(DATA SECTION begins)

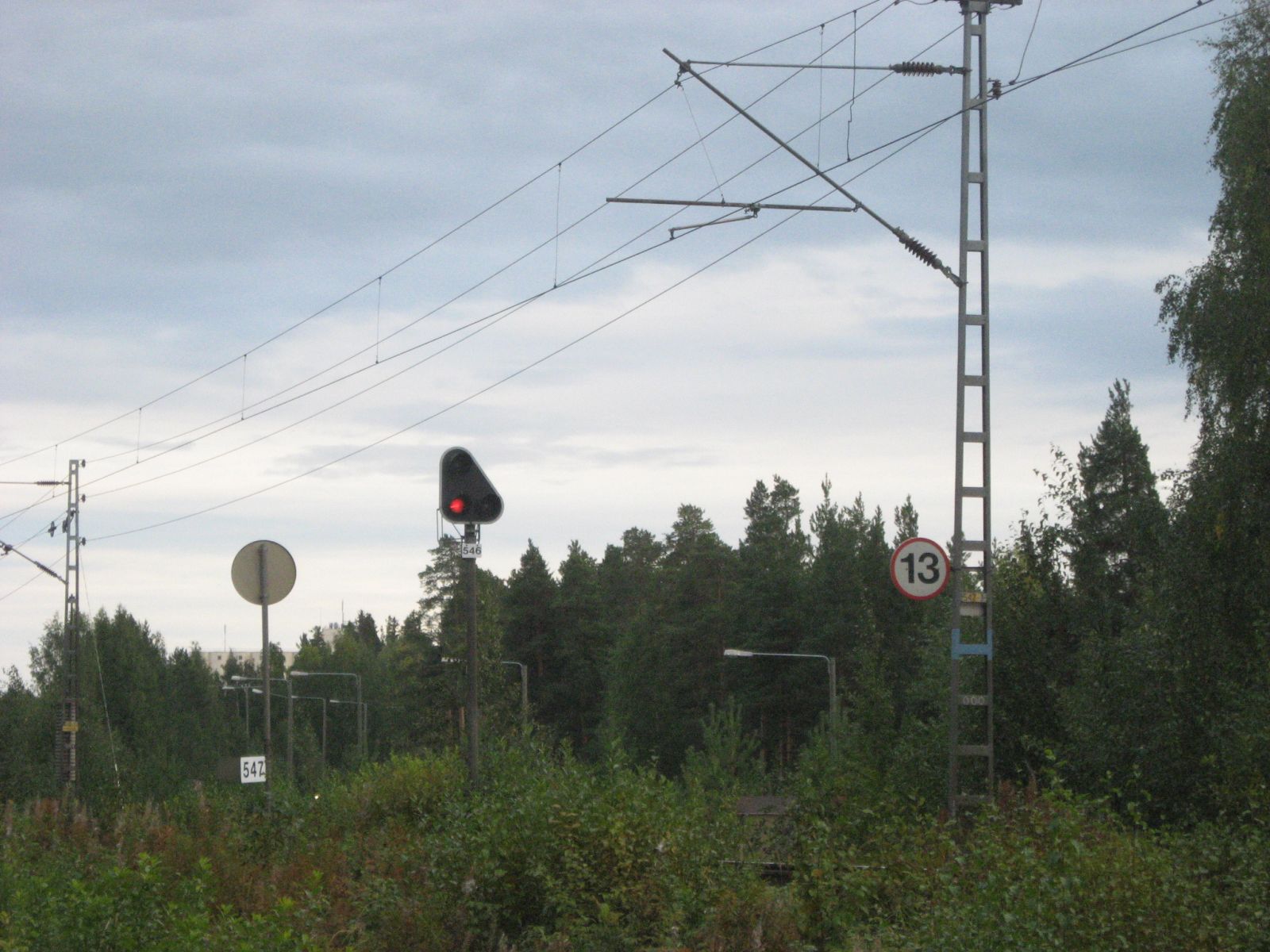 핀란드 이살미 547km 지점의 블록 신호와 130km/h 속도 제한
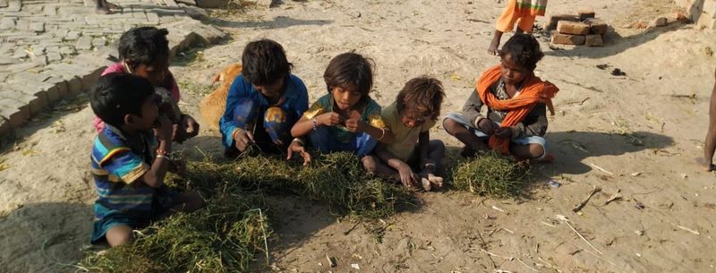 On Wednesday, a group of children were seen sitting cross-legged and eating grass, called “akri” in the local language. The six kids, about five years old, from the Musahar community, live in the Musahar Basti in Koiripur village in the Badagaon block of Varanasi district. They have been identified as Rani, Pooja, Vishal, Neerhu, Soni and Golu. Out of desperation and hunger, the children were eating the grass usually given to cattle as fodder from a wheat field in the village.
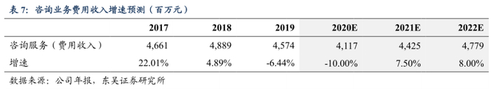 预计咨询业务保持优势,业绩增速逐步提升。咨询业务为公司优势业务之一,在所涉及的特定领域已经积累了稳固的客户与较为丰富的经验,公司专业能力将继续助力增强客户粘性。2019年由于降杠杆,资产规模调整,咨询业务收入增速出现-6.44%的负增长值,2020年实体经济承压下咨询业务仍会面临压力,但考虑到公司过去在该类业务的优异表现,预计将在未来将提高费用收入,2020年、2021年、2022年增速分别为-10%、7.5%、8%。

(DATA SECTION ends)

Please write out all the data again word for word, but not the pictures.

> **OUTPUT FOR THIS EXERCISE**:
 핀란드 이살미 547km 지점의 블록 신호와 130km/h 속도 제한
 On Wednesday, a group of children were seen sitting cross-legged and eating grass, called “akri” in the local language. The six kids, about five years old, from the Musahar community, live in the Musahar Basti in Koiripur village in the Badagaon block of Varanasi district. They have been identified as Rani, Pooja, Vishal, Neerhu, Soni and Golu. Out of desperation and hunger, the children were eating the grass usually given to cattle as fodder from a wheat field in the village.
 预计咨询业务保持优势,业绩增速逐步提升。咨询业务为公司优势业务之一,在所涉及的特定领域已经积累了稳固的客户与较为丰富的经验,公司专业能力将继续助力增强客户粘性。2019年由于降杠杆,资产规模调整,咨询业务收入增速出现-6.44%的负增长值,2020年实体经济承压下咨询业务仍会面临压力,但考虑到公司过去在该类业务的优异表现,预计将在未来将提高费用收入,2020年、2021年、2022年增速分别为-10%、7.5%、8%。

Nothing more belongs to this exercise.